Deleting duplicate glosses on a line

Deleting duplicate glosses on a line

24
Basic UserBasic User
24

    Aug 18, 2013#1

    I am working on an Urdu to Hindi dictionary and I have created the following file structure:

    Code: Select all

    Headword=Gloss1,Gloss2,Gloss3
    i.e. glosses delimited by a comma.
    
    It so happens that in some cases (around 6000+ in a file of over 200,000+ the glosses are duplicated.
    Since this may be a recurrent phenomenon, could a macro or a script be deployed which could check the glosses on the right hand side and if there are duplicates, remove the same and maintain only a single gloss.
    An example will make this clear:
    Input

    Code: Select all

    a=b,c,b
    d=p,q,p
    e=z,y,g,z,g,y
    
    Th expected output would be

    Code: Select all

    a=b,c
    d=p,q
    e=g,y,z
    
    In case live data is need here is a sample:

    Code: Select all

    آبادِیوں=आबादिओं,आबादियों
    آبادی=जनसंख्या,आबादी
    آبجیکشن=ऑबजेक्शन,ऑब्जेक्शन
    آبلا=अबला,उबला
    آبو=आबू,आबो
    آتشک=आतशक,आतिशक
    آتم=आतम,आतम,आत्म,आत्म
    آتون=आतून,आतोन
    آتیں=आतीं,आतें,आतें,आतीं
    آجا=आ जा,आजा
    آجاتی=आ जाती,आजाती
    آجانا=आ जाना,आजाना
    آجکل=आज कल,आजकल
    آخری=अंतिम,आख़री
    آد=आद,आद,आदि
    
    I have a ver. 15.20 of Ultraedit.
    Many thanks for a macro or a script.

    21
    Basic UserBasic User
    21

      Aug 23, 2013#2

      Here is a slow one.
      Works line by line and updates it.
      Working blocks of lines will improve speed.

      Code: Select all

      UltraEdit.insertMode();
      
      UltraEdit.activeDocument.bottom();
      var allLines = UltraEdit.activeDocument.currentLineNum;
      
      var sLineTerminator = "\r\n";
      if (UltraEdit.activeDocument.lineTerminator == 1)
      	sLineTerminator = "\n";
      else
      		if (UltraEdit.activeDocument.lineTerminator == 2)
      			sLineTerminator = "\r";
      
      for ( var i=1; i<=allLines; i++ ) {
      	UltraEdit.activeDocument.gotoLine( i, 1 );
      	UltraEdit.activeDocument.selectLine();
      	var sLine = UltraEdit.activeDocument.selection;
      	var pos = sLine.indexOf( "=" ) + 1;
      	var sOut = sLine.substring( 0, pos );
      	sLine = sLine.substring( pos, sLine.length - sLineTerminator.length );
      	var asFields = sLine.split( "," );
      	var words = {};
      	for ( myField in asFields ) {
      		if ( words[ asFields[ myField ] ] == null ) {
      			sOut += asFields[ myField ] + ",";
      			words[ asFields[ myField ] ] = myField;
      		}
      	}
      	UltraEdit.activeDocument.write( sOut.substring( 0, sOut.length - 1 ) + sLineTerminator );
      }
      

      24
      Basic UserBasic User
      24

        Aug 27, 2013#3

        Sorry, I had given up hope of finding a script to do the job. The script works perfectly. Many thanks

        6,686585
        Grand MasterGrand Master
        6,686585

          Aug 27, 2013#4

          The script works fine for the simplified example, but fails on my computer on the example with Urdu and Hindi strings. The duplicate strings are removed by the script, but the Unicode file contains only ? for every Urdu/Hindi character after script executed on the file whereas the Urdu/ Hindi strings were displayed like in browser window before running the script and using font @Arial Unicode MS.

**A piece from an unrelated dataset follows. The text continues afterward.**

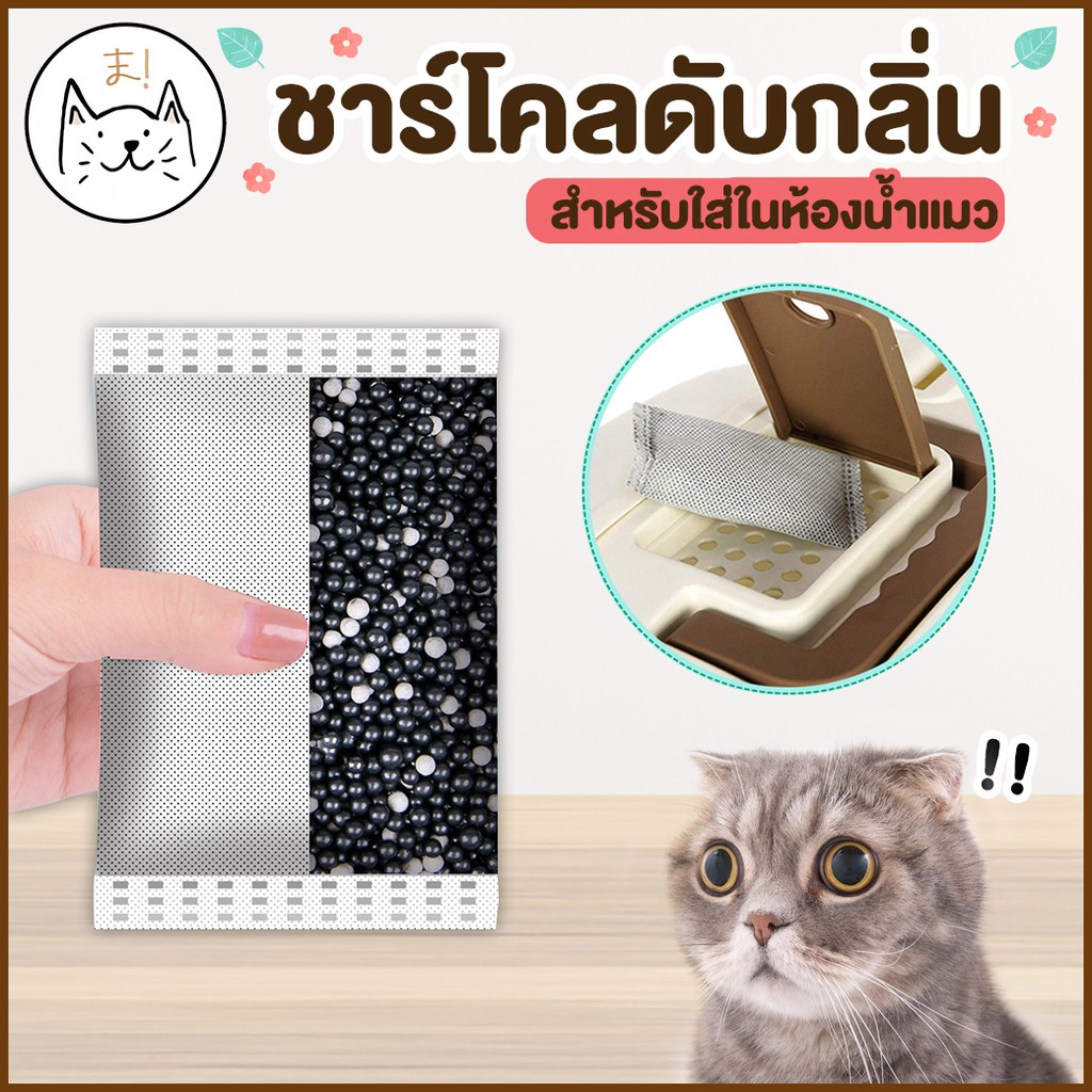 KUMAま ถุงชาร์โคลดับกลิ่น เม็ดดับกลิ่นทรายแมว ถุงคาร์บอนดับกลิ่น ถุงดับกลิ่นห้องน้ำแมว เม็ดดูดกลิ่น เม็ดชาร์โคล 55g

          Well, perhaps Windows itself must be configured to support those languages which is definitely not the case on my computer. That could be also the reason why all my quick checks on how this task could be done failed, too.

          Thanks to Jaretin for developing and posting the script, especially when it works for dictdoc also on Urdu and Hindi strings.